Records provided
== == ==

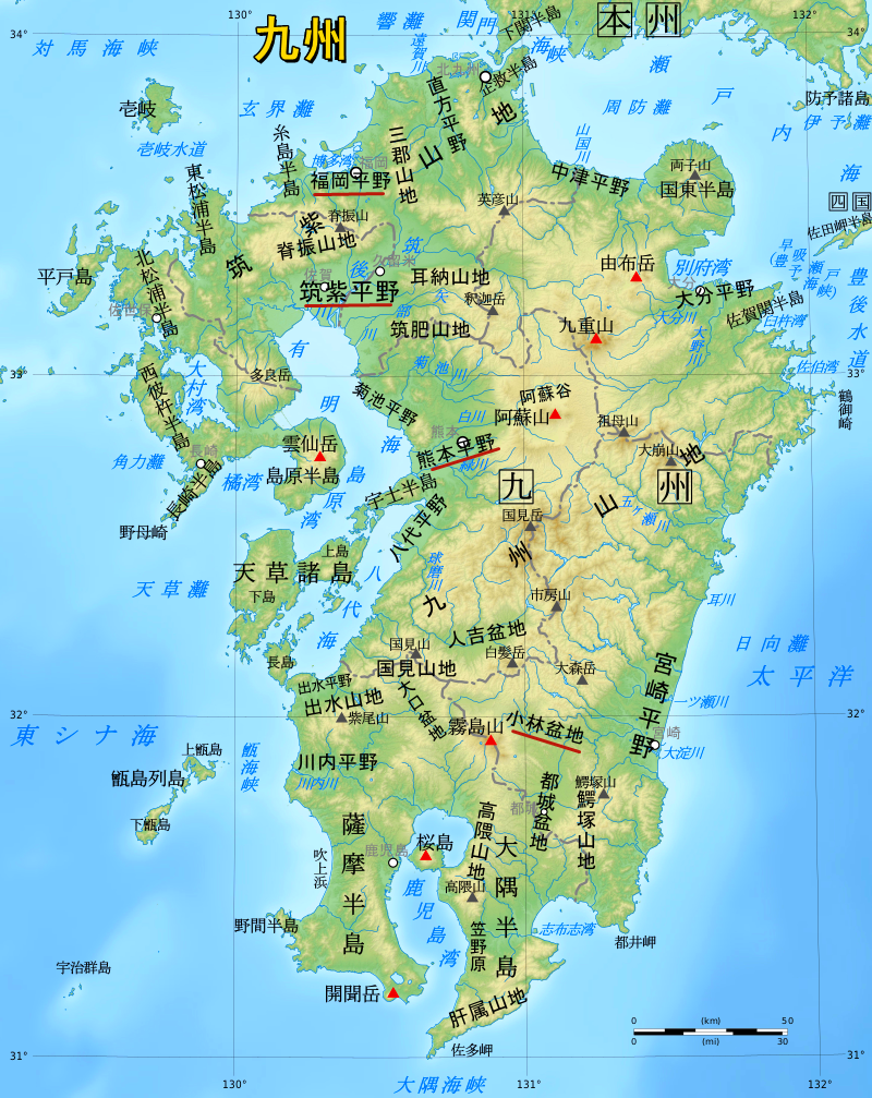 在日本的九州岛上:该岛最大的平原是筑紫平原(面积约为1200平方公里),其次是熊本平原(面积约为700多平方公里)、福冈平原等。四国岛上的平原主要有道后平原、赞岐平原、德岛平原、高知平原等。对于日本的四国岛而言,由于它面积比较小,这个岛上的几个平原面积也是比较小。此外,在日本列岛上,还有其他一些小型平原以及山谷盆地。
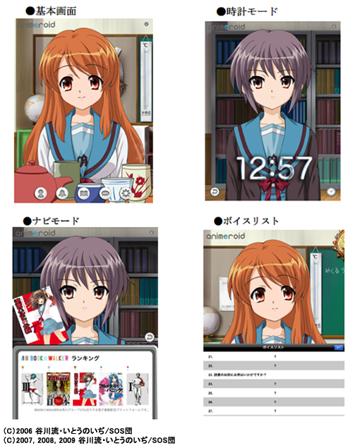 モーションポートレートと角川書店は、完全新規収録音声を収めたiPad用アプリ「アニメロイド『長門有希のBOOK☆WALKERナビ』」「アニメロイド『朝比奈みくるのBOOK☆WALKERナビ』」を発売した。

== == ==

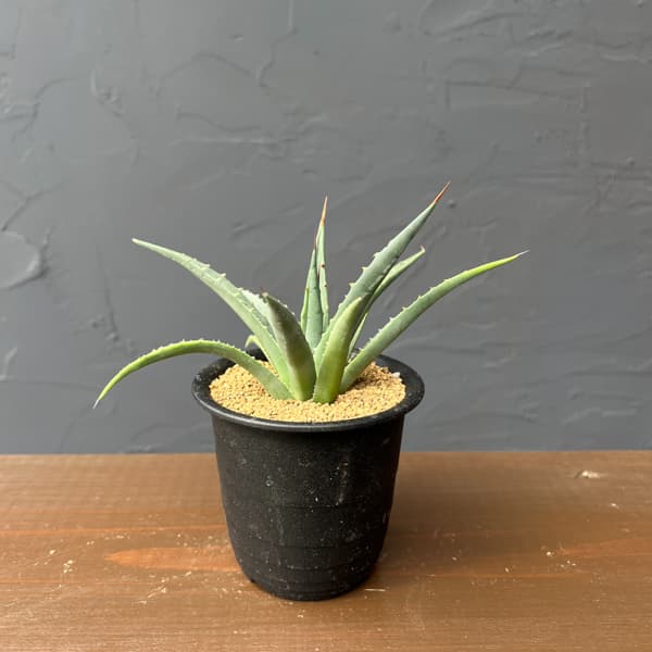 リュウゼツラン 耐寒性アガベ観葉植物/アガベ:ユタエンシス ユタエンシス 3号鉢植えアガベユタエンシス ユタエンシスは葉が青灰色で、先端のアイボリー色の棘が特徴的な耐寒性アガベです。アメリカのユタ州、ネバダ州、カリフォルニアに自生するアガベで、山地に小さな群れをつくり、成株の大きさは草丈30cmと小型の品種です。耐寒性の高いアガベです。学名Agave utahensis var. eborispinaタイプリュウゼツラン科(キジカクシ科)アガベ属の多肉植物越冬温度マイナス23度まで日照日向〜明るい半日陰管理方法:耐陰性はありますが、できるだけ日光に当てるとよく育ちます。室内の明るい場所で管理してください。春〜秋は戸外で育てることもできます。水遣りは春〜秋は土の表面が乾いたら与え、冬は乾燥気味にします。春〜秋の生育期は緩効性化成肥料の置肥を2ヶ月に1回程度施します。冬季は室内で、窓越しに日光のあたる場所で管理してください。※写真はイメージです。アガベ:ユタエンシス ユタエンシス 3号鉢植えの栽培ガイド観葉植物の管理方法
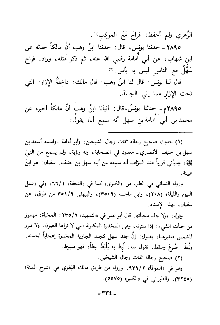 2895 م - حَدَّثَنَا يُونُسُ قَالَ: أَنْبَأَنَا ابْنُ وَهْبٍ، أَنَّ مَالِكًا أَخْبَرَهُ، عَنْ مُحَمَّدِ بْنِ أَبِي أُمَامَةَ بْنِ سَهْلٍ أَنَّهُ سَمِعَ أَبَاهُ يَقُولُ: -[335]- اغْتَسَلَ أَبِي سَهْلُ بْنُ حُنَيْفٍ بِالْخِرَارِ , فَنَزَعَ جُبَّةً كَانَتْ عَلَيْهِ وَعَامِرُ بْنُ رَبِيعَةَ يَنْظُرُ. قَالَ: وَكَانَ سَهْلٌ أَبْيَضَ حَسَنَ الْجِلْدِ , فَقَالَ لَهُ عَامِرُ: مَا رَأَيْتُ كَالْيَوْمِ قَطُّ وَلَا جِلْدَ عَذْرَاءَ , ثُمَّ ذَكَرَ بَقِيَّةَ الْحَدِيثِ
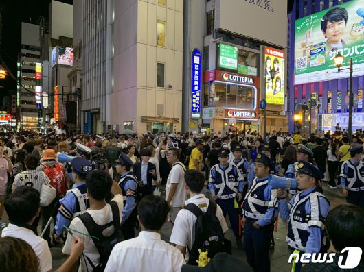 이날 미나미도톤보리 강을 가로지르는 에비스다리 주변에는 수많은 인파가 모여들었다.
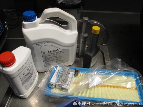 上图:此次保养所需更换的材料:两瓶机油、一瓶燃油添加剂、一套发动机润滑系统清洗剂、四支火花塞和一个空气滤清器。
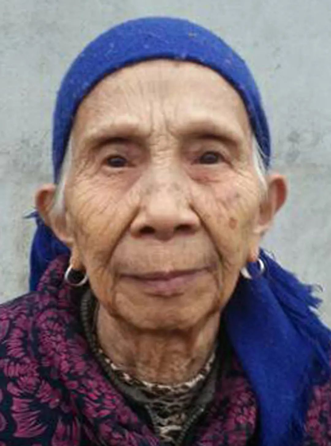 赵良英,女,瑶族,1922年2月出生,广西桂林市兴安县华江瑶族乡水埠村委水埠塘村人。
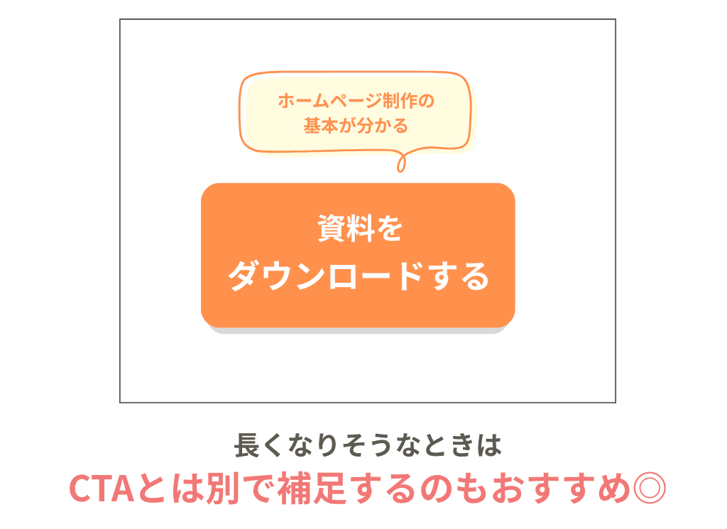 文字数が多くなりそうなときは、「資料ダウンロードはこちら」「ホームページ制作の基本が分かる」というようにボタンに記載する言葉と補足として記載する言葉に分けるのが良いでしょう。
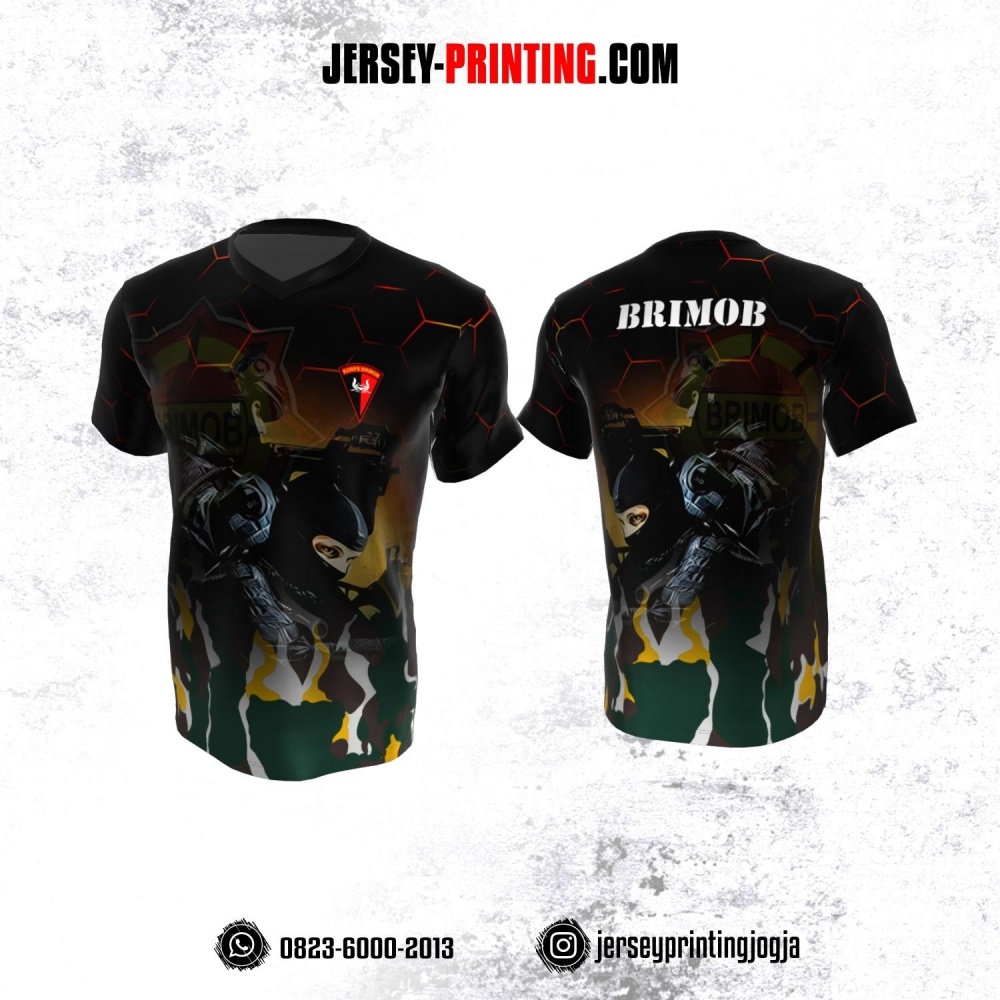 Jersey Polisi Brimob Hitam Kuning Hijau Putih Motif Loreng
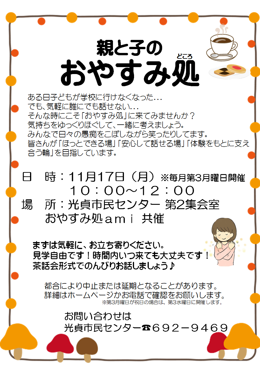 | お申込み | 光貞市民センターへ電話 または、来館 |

== == ==

About this task
Restate the lines above from the one containing "在日本的九州岛上:该岛最大的" through the one containing "モーションポートレートと角川", inclusive, exactly and without pictures.

Solution to the exercise
 在日本的九州岛上:该岛最大的平原是筑紫平原(面积约为1200平方公里),其次是熊本平原(面积约为700多平方公里)、福冈平原等。四国岛上的平原主要有道后平原、赞岐平原、德岛平原、高知平原等。对于日本的四国岛而言,由于它面积比较小,这个岛上的几个平原面积也是比较小。此外,在日本列岛上,还有其他一些小型平原以及山谷盆地。
 モーションポートレートと角川書店は、完全新規収録音声を収めたiPad用アプリ「アニメロイド『長門有希のBOOK☆WALKERナビ』」「アニメロイド『朝比奈みくるのBOOK☆WALKERナビ』」を発売した。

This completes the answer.